Monday, March 22, 2010

Rent-Seeking: The Downfall of Monarchy

The worst advocates for capitalism are the capitalists, assuming you define capitalists as people who have capital. The capitalists too soon reach the point where they shift from trying to make a profit via doing business to making a profit via rent-seeking- i.e. using the state to enforce an advantage, create imaginary property rights, etc...

So it wasn't long that a capitalist would show up, cap in hand, to whatever royal court was left about, and lobby. What was good for the capitalist was good for the nation! Surely we need a train through Siberia! And, if industrialization is in the national interest, surely the worker's constant harping about living conditions and violation of rights isn't?

This is where I think most of the royals made a fatal error; they listened to capitalist politicking, which inevitably destroys actual capitalism due to the fact that politics, as long as it exists as a viable alternative, is usually a cheaper way to get stuff- as long as we still have stuff to go around. This is not a sustainable situation, because capitalism is the only way to produce the stuff that we need.

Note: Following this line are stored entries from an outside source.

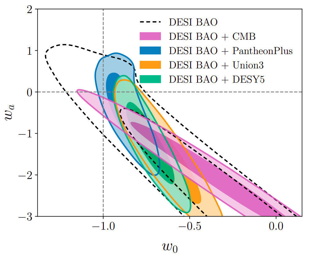 Os resultados obtidos pela colaboração favorecem w0>-1 e wa<0. Isso é mostrado na Figura 2, os contornos são nada mais nada menos que as incertezas de cada parâmetro. O valor exato seria um pontinho, mas como não é possível ter valor exato de nada na natureza, isso vira uma elipse. Ela pode ser larga num dos semi-eixos e estreita no outro. Aqui, o que vemos é que dependendo de qual observável é combinado essa elipse fica mais comprida e mais deslocada para w0 positivo, claramente um desacordo com o Lambda CDM.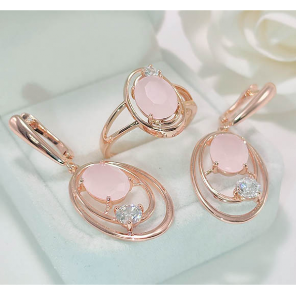 Гипоаллергенный сплав, покрытие выполнено из золота 585 пробы, вставки — фианиты. Размер серег 4,2 см, английский замок. Размеры кольца: 19,5. Остался 1 комплект.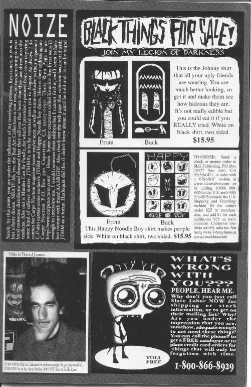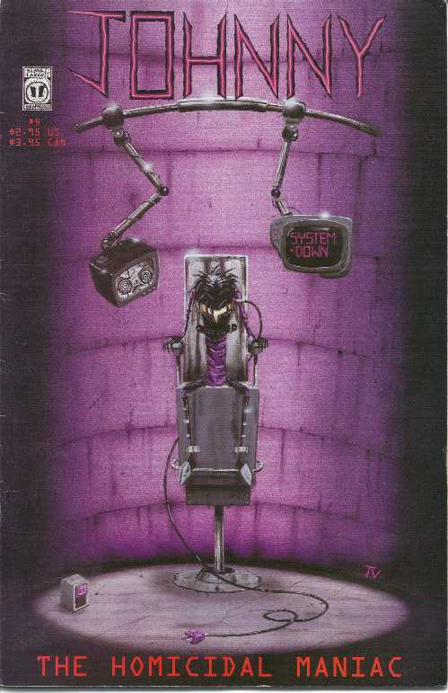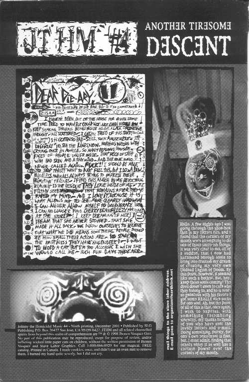 Cover Ah.. This one is very think-making. Those with small brains should approach with caution. "Descent" This one is VERY heavy on dialogue. It's really important dialogue, too, even the "badly constructed melodramatic prose." Because Johnny is finally beginning to realize what's really going on. What's happening to him. Aaaand... who's doing it. It's vital to the overall plot of the series. And also, it makes me just want to give Johnny a hug. Bob, whose head be wobbly. ooh. I like this song. XO! "These are not good times to be near me" I don't know if that's the title or not. Anyway... Nny goes down into the basement, meeting Tess and Dillon, who are chained to the wall. And guess what room they're in. ... Well, that's half right.. It almost is a room with a moose. But Moose is still in the wall. Nny and Tess talk about the horrible things he has done... and she makes a stupid assumption which REALLY pisses Nny off. Then he quotes The Fly. And we meet.. Mr. Samsa!!! xD. Nny pays a visit to his little neighbor. He needs a band-aid. "A Call". Devi's back, and looking MUCH less annoying. She and Tenna are discussing her last date. I think we can safely say that she is traumatized. But.. Tenna convinces her to call him.. and it's unpleasant. Gunshots, screaming, etc. ick. Meanwhile... After Breakfast. Ah. A very very very very very very clingy little boy, and a mother who must get to work. Public Service Announcement. Drugs are bad. So is running away from home. In this one... Johnny is interrupted by one of two things. Either the ranting thing is himself, or Jhonen putting himself into the comic.. I don't really know. I think it's Nny though. It's all very depressing, either way. "A Call?" Johnny goes through another suicidal time. He's set up a robotic arm with a gun in it and a tracker. When he lifts the receiver of the foen, the gun will follow him. However, it won't fire until he talks. However, D-Boy makes a valid point by saying that no one's going to call him, and that Nny lacks the courage to off himself. Finally, Nny shows some control and knifes D-Boy, which I applaude. He also tries to turn off the arm... but.. it was never on. Which means that he has now turned it on. Which means.. Bad. Because just then, the foen rings. (Anyone paying attention would know who it is.) HNB! He sits on heads today. Johnny states the obvious. |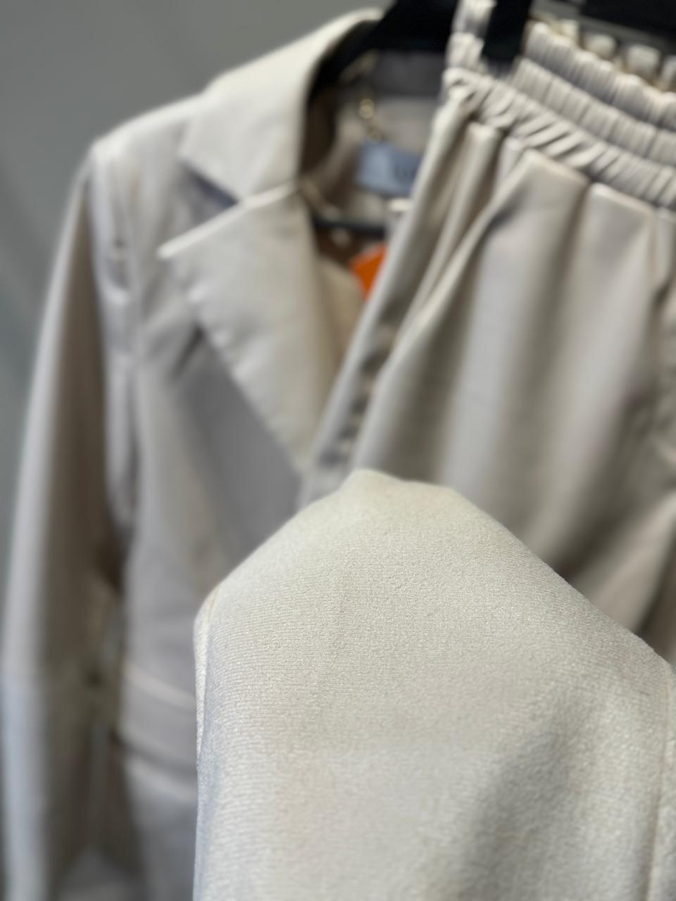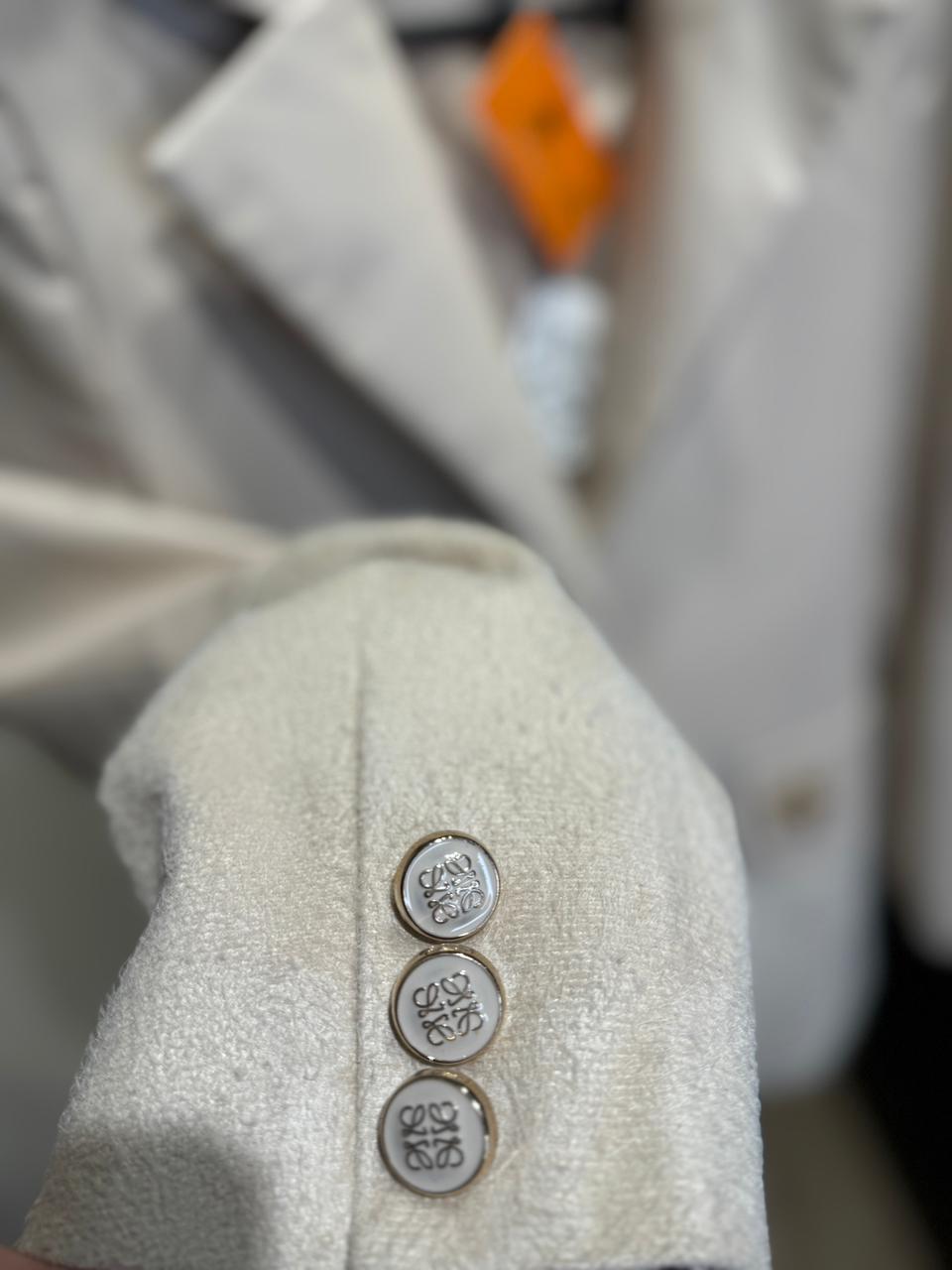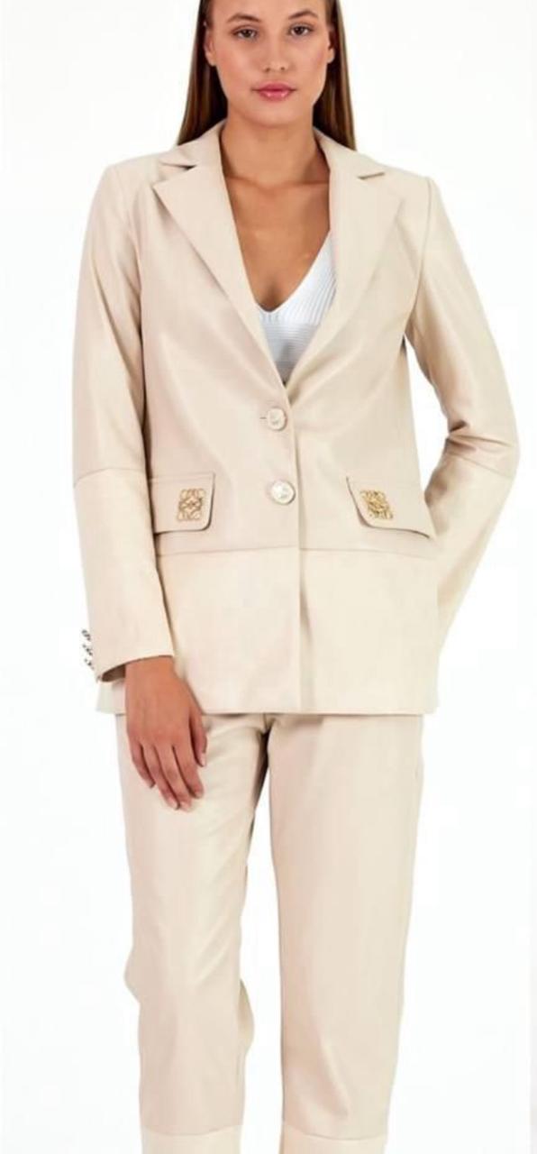 LOEWE BEIGE LEATHER SET WITH GOLD LOGO DETAIL

Capitalists, of course, should know better, but the payoff was high, so they expanded parliaments around the world, over-emphasized nationalism (creating international 'races' in almost everything in order to garner more license from their governments), and weakened the pre-existing order considerably. Indeed, the democratic revolutions probably could not have destroyed a robust hierarchy; instead they did the equivalent of setting a torch to the old folk's home while seizing the shiny new building the capitalists had made for themselves.

And middle management inherited the earth, at least for now.